Youngrim Kim is an assistant professor of Media Studies at Rutgers School of Communication and Information. Her research broadly centers around the role of digital platforms and data-driven systems in relation to statecraft and governance. She examines how state institutions build and utilize digital technologies to manage complex governance challenges, specifically in the context of public health and environmental crises. Working across critical data studies, science and technology studies, and media and cultural studies, Kim investigates how crisis response technologies developed for public interest reconfigure state-society relations in moments of uncertainty and disturbance. Her work has been published in New Media & Society; Information, Communication, & Society; Journalism; and International Journal of Communication, among others. She is currently working on a book manuscript tentatively titled, Datafying Risky Bodies: Surveillance Culture and Civic Action in Times of Public Health Emergencies.

Title: Dashboarding the Pandemic

Abstract:
During COVID-19, countless dashboards served as the central media for people to learn critical information about the pandemic. Varied actors, including news organizations, government agencies, universities, and NGOs, created and maintained these dashboards, conducting the onerous labor of collecting, categorizing, and taking care of COVID data. In this talk, I will present two research projects that uncover different forms of labor and data practices—the work of “COVID data builders”—behind the scenes of dashboarding the pandemic.

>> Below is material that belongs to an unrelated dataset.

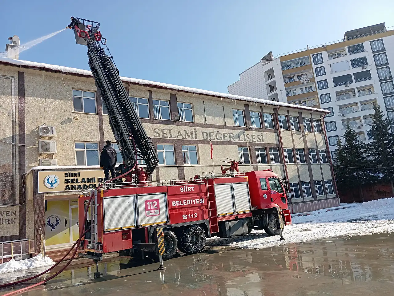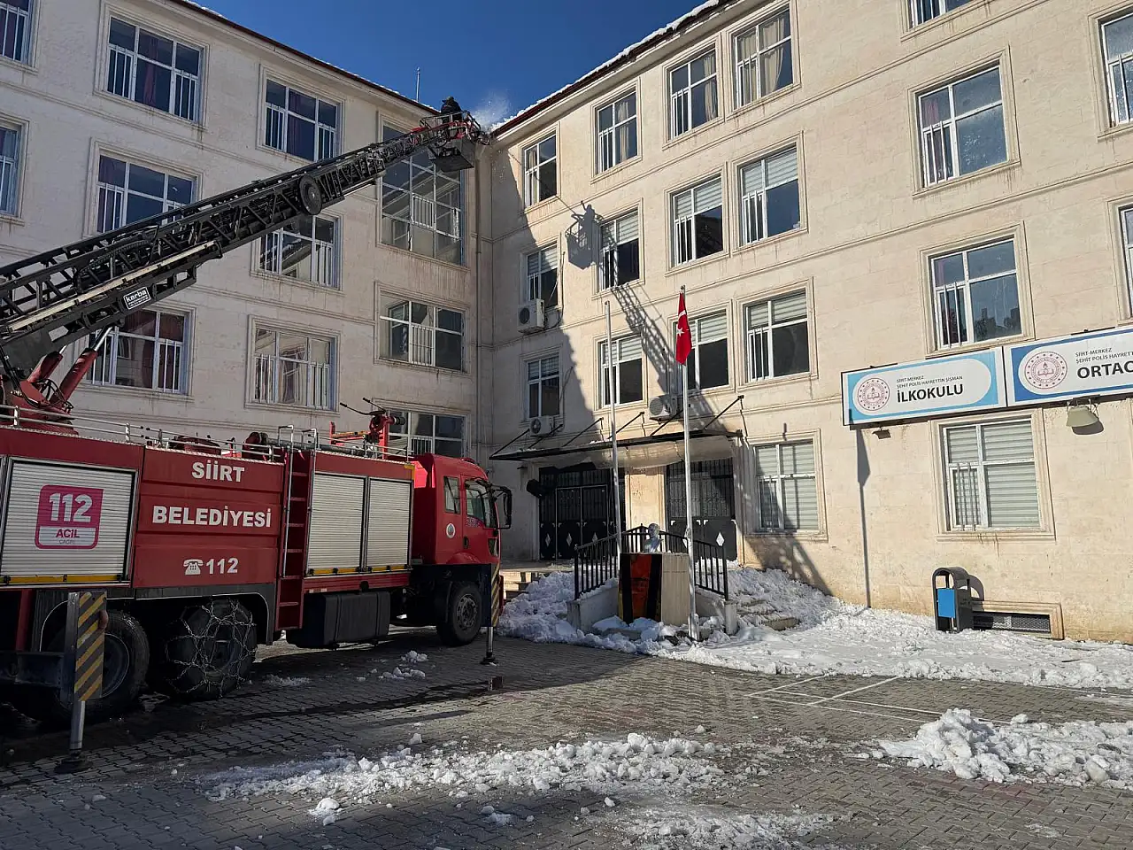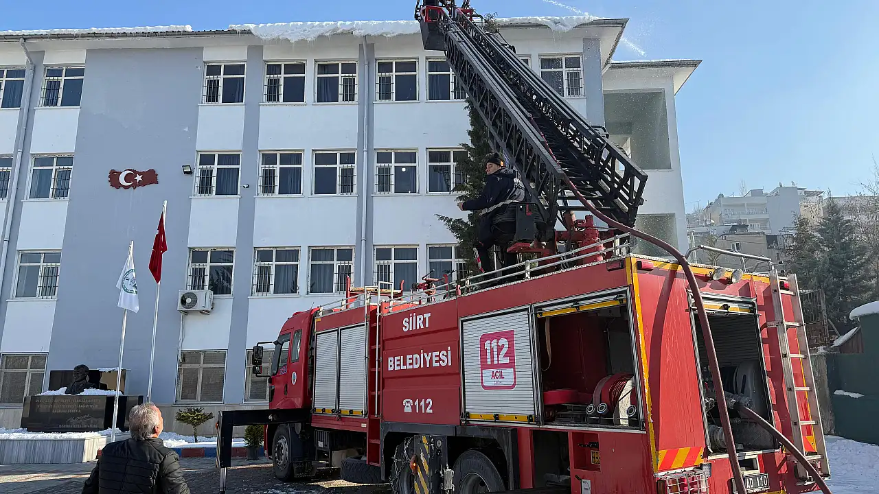 Siirt Belediyesi İtfaiye Müdürlüğü ekipleri, yaya ve araç trafiğinin yoğun olduğu cadde ve sokakların yanı sıra okul binaları başta olmak üzere kamu kurumlarında önlem aldı. Çatı ve saçaklarda biriken kar kütleleri, merdivenli itfaiye araçları kullanılarak kontrollü şekilde temizleniyor.

The first study draws on in-depth interviews with volunteers and practitioners across the United States and India who participated in COVID dashboard projects. Specifically, it examines dashboard projects focused on marginalized and missing COVID data that show the pandemic’s discriminatory impact, including COVID cases in prisons and long-term care facilities, COVID and racial inequity, and deaths due to COVID lockdowns. Investigating how these data builders worked with the always imperfect data of the pandemic, the study reveals that the politics of counting is grounded in the material and affective labor of confronting, navigating, and negotiating with data’s epistemological ambiguities.
The second study is from a chapter of my book manuscript that examines civic dashboards made by volunteers and community organizations in South Korea during COVID-19. Illustrating dashboard builders’ ambivalent stance towards the Korean government’s extensive collection and use of personal data in the COVID response, the study demonstrates how dashboards become a contested site of meaning making where state-society relationships are reconfigured. Ultimately, dashboard builders developed compromised alignments and haphazard collaborations with the state as they negotiate what data should be collected and disclosed for the nation’s health.